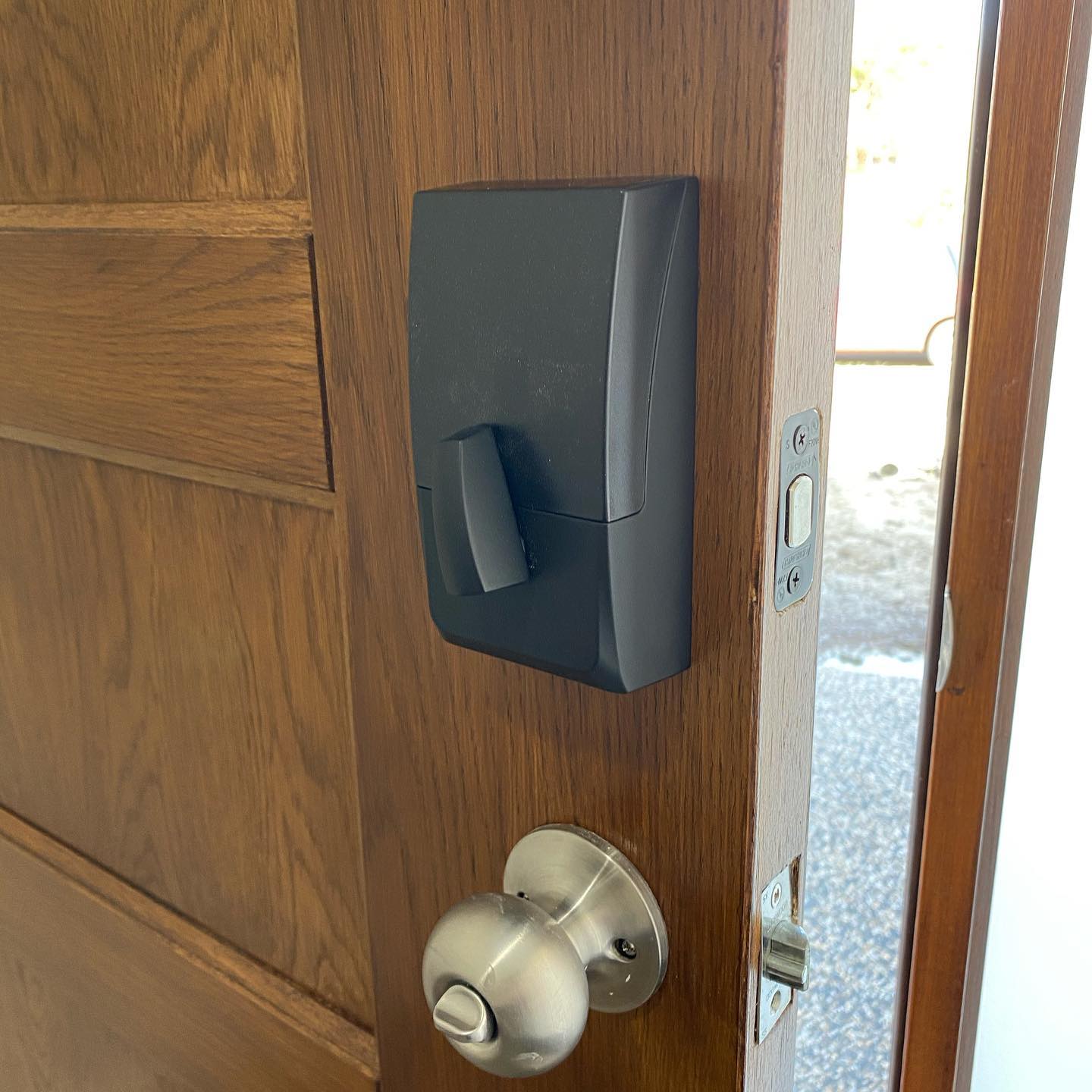 Smarteck A220 Deadbolt from Electronic Locks Australia, looks great with the existing handle. #pincodelock #keylessentry #locksmithessendon #tlclocksmiths #smartlock #smartlockinstallation #mattblackButton
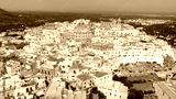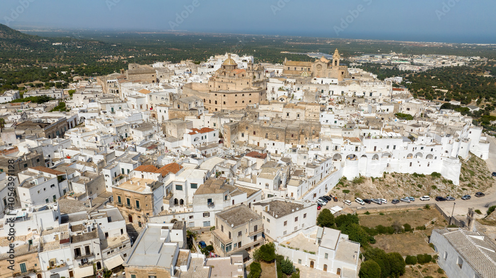 Aerial view of the Cathedral of Ostuni and the church of San Vito Martyr. These churches are located in the historic center of the town in the province of Brindisi, in Puglia, Italy.
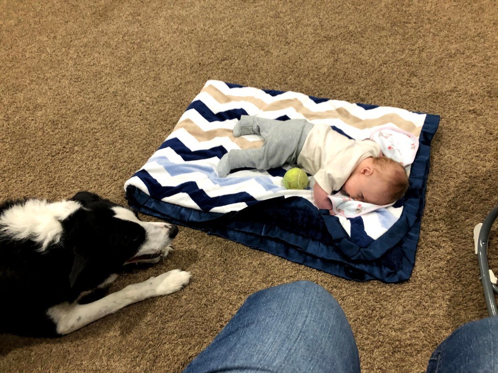 Stanley with our tiny Baby Mae, trying to get her to play catch!
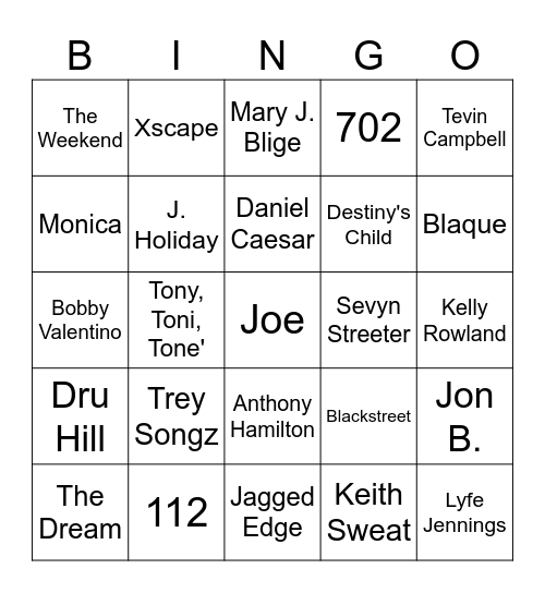 This bingo card has a free space and 24 words: Trey Songz, 112, Daniel Caesar, The Dream, Tevin Campbell, The Weekend, Monica, Xscape, Sevyn Streeter, Anthony Hamilton, Destiny's Child, Bobby Valentino, Blackstreet, Jon B., J. Holiday, Keith Sweat, Kelly Rowland, Mary J. Blige, Blaque, Tony, Toni, Tone', Lyfe Jennings, Dru Hill, 702 and Jagged Edge.
* * * * * * *
**Required action:**
The expected output is the exact run of lines from the one containing "Stanley with our" through the final line of the data above, both ends included, with no pictures.

**Output of the task:**
 Stanley with our tiny Baby Mae, trying to get her to play catch!
 This bingo card has a free space and 24 words: Trey Songz, 112, Daniel Caesar, The Dream, Tevin Campbell, The Weekend, Monica, Xscape, Sevyn Streeter, Anthony Hamilton, Destiny's Child, Bobby Valentino, Blackstreet, Jon B., J. Holiday, Keith Sweat, Kelly Rowland, Mary J. Blige, Blaque, Tony, Toni, Tone', Lyfe Jennings, Dru Hill, 702 and Jagged Edge.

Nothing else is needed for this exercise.